Читать и писать научился в пять. Раньше говорил об этом с гордостью, но мои дети и дети моих друзей научились читать еще раньше, поэтому просто отмечу, что в пять. С тех пор чтение и писание — неотъемлемая часть моей жизни.

Я мечтал стать писателем уже в первом или во втором классе. Стихи и рассказы тогда и начал сочинять. И приключенческие романы. Мой герой, поразительно похожий на своего юного автора, скитался по лесам, выживал в пустыне, переплывал реки, уходил в море, терпел кораблекрушение, попадал на необитаемый остров, спасался от змей, приручал обезьян, стрелял в плохих, спасал хороших и удалялся к себе, чтобы сидеть возле окна и с величественной задумчивостью смотреть вдаль.

В старших классах эти тетради были уничтожены. Я тогда меньше писал и больше читал. Это были годы запойного чтения. Учился отлично, хотя художественная литература отнимала много времени. Помню, как однажды на уроке биологии, рассказав о теории эволюции, я получил ответ учительницы: «Все так, все так. Только звали его не Диккенс, а Дарвин».

В одиннадцатом классе меня познакомили с местным писателем. Его звали Тельман Маилян. Он писал стихи и прозу, любил рассказывать о своей жизни, показывал фотографии братьев по перу, вел переписку с Павлом Тычиной… Мое сердце переполнялось радостным предвкушением, я грезил о писательской жизни и бросался строчить очередной «шедевр», который потом непременно забраковывал и сжигал.
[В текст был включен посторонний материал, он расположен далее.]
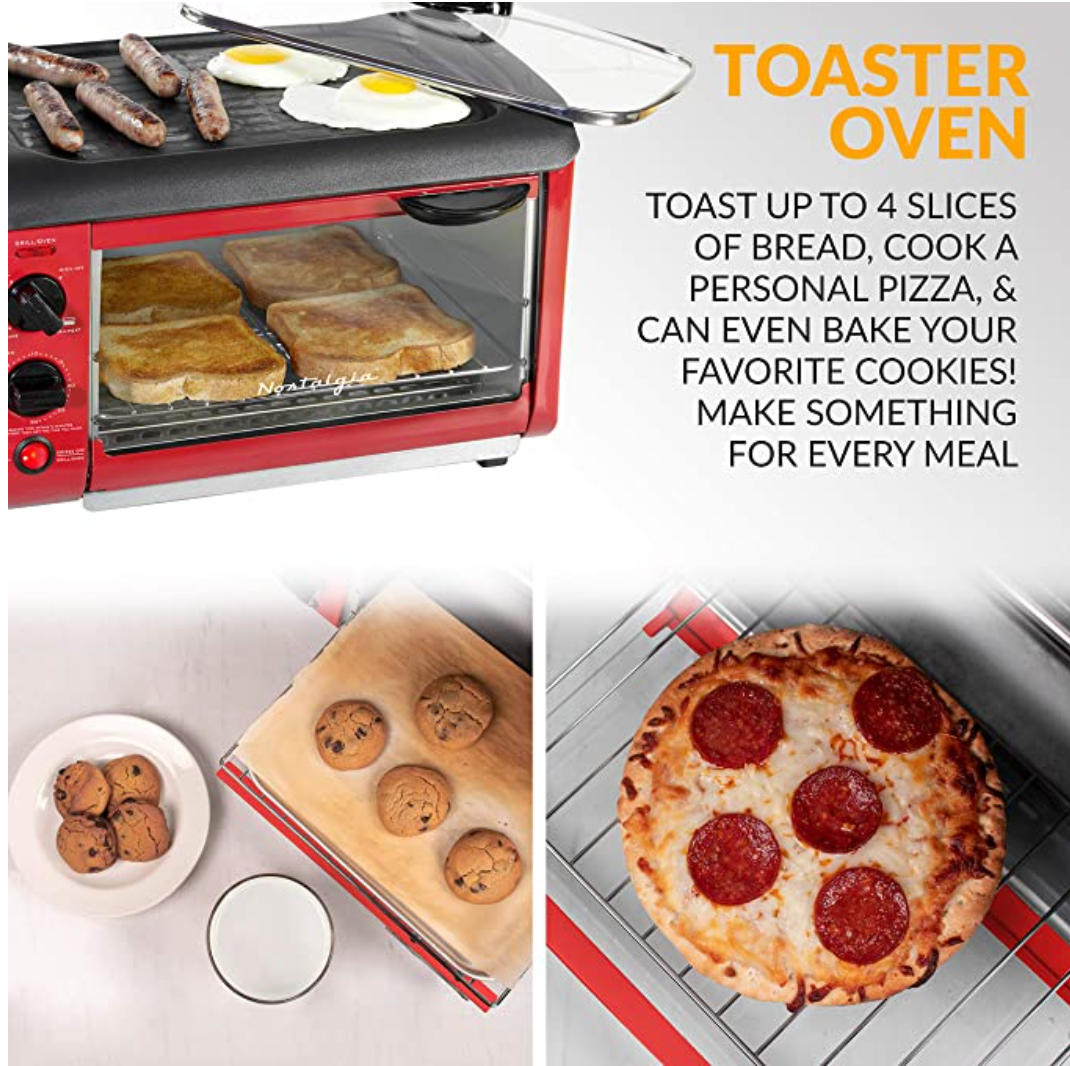 FÁCIL LIMPIEZA: como si cocinar no fuera lo suficientemente fácil, la bandeja del horno, la rejilla de alambre, la bandeja para migas y la plancha antiadherente son extraíbles, lo que facilita la limpieza.

Мама мечтала видеть меня врачом. Там, где я родился, врачи пользовались большим уважением. Думаю, матери было важно именно это: уважение и статус. У меня самого не было интереса к медицине. Больничный запах, нелепые белые халаты, понурые пациенты — это скорее отталкивало. Но я был наделен особой, связанной с графоманией художественной оптикой, и в больницах моим вниманием могли завладеть разные эстетические находки: облако пара над прокипяченными шприцами в лотке; оставленный неизвестным ребенком мишка на подоконнике; робкая, мелкими буквами нацарапанная надпись на двери реанимационного отделения: «Помогите моей маме».

К моему желанию стать писателем семья относилась весьма прохладно, с вежливыми оговорками: да, писатель — это интересно, но было бы неплохо иметь при этом нормальную профессию.

3.

В конце восьмидесятых и начале девяностых Армения переживала тяжелые времена. Шли Темные годы — так их впоследствии стали называть. Темные, холодные, голодные годы.

В декабре 1987 года случилось сильнейшее землетрясение. В городе Спитаке, эпицентре землетрясения, интенсивность толчков доходила до 10 баллов. Сейсмическая волна обошла планету два раза. Погибли более 25 тысяч человек, 500 тысяч остались без крова, из строя вышло 40% промышленного потенциала Армянской ССР.

В начале 1988 года, когда страна все еще находилась в шоке и трауре, началась Карабахская война. Из-за нехватки людей восемнадцатилетних новобранцев отправляли прямо на фронт. Назад из мясорубки они возвращались быстро. В цинковых гробах.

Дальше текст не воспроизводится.